BTW, I have updated the top post with a zipped attachment of the latest files which I will keep up-to-date with the latest "release" version whereas the on-line document will always be the live and bleeding edge.

Peter Jakacki · 2012-07-22 22:44

Progess report....

The VGA_512x384_Bitmap object has now been incorporated into the source as there is sufficient memory available despite the fact that this object requires 24KB just for the bitmap. Being able to include objects such as these was one of the requirements of Tachyon which is also why it had to have a very small footprint despite the need for speed. Access to the object at present is via the color and pixel pointers but at a later stage I will write a Graphics demo object in Forth to showcase Tachyon.

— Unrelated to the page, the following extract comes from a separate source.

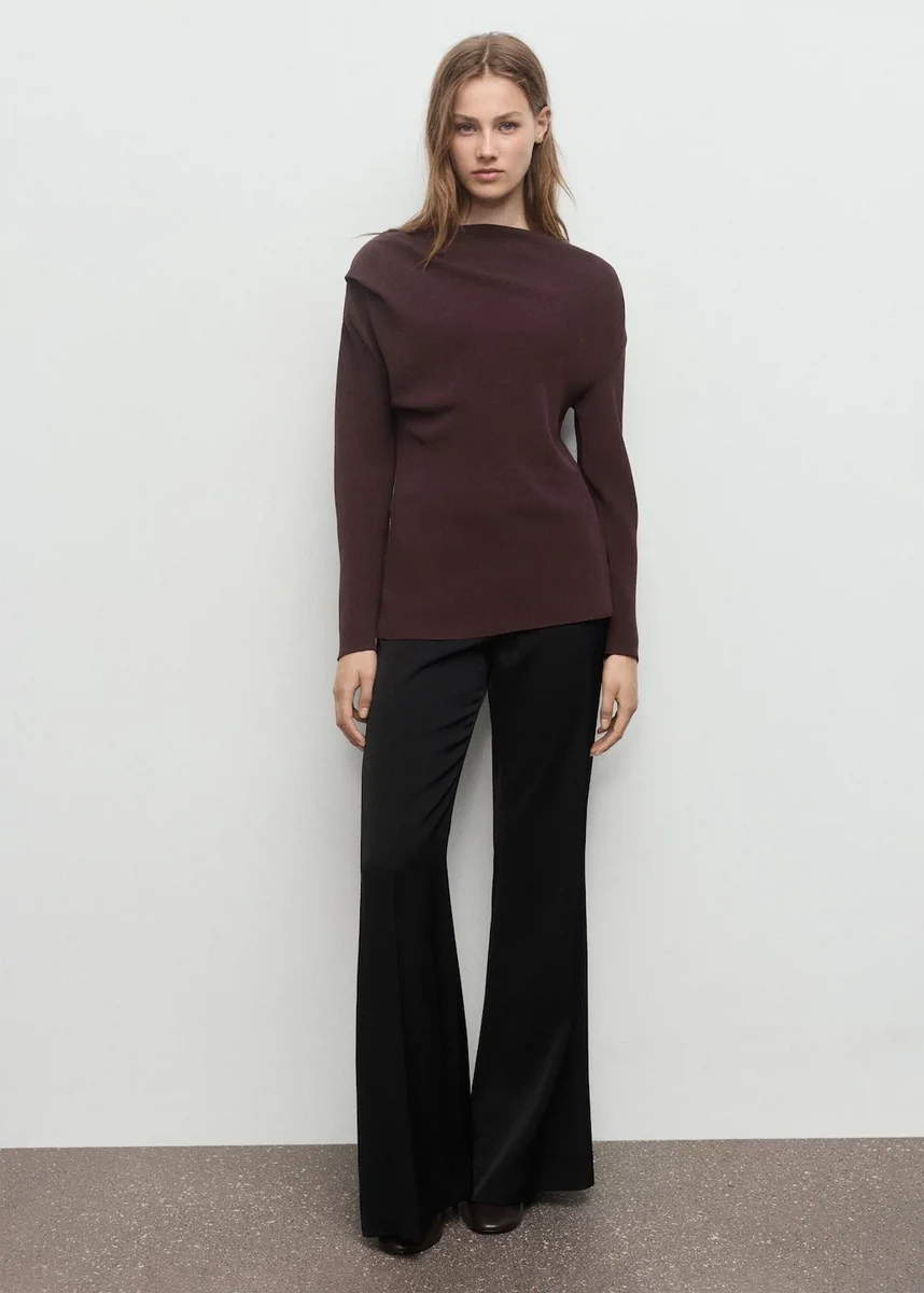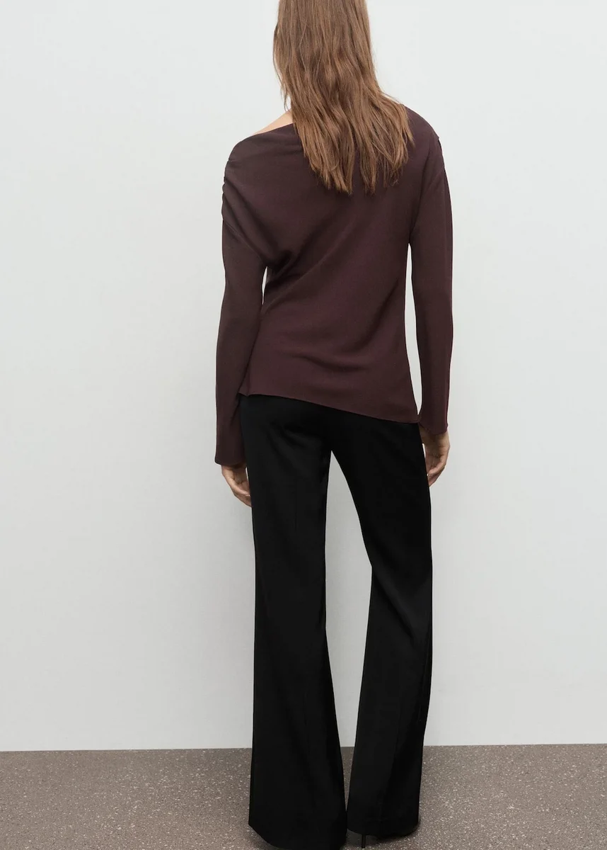 Tento model má asymetrický výstřih, dlouhé rukávy a řasení na ramenou.

I mentioned in the thread that Tachyon does not follow the traditional method of handling text input which normally would accumulate into a text input buffer (TIB) and after an <enter> would be processed word by word in an interpretive fashion. One of the drawbacks of this is that branch and loop stuctures which are meant to be compiled cannot be entered in an interpretive fashion and you just end up with the "compile only" warning. What I've been able to do is to skip the TIB and just parse words as they are encountered in the input stream and compile these immediately into the current code compilation location. When an <enter> is encountered the bytecodes are then executed which means that it is now possible to type in interactively such statements as:
20 1 DO CR I 0 DO 2A EMIT LOOP LOOP<enter>
without having to resort to creating a special word, invoking it, and then forgetting it (deleting). The interactve statements also behave exactly like they would inside a definition and at the same speed. Of course words such as IF and THEN etc are tagged as immediate words and are not compiled but instead execute immediately and control the compilation.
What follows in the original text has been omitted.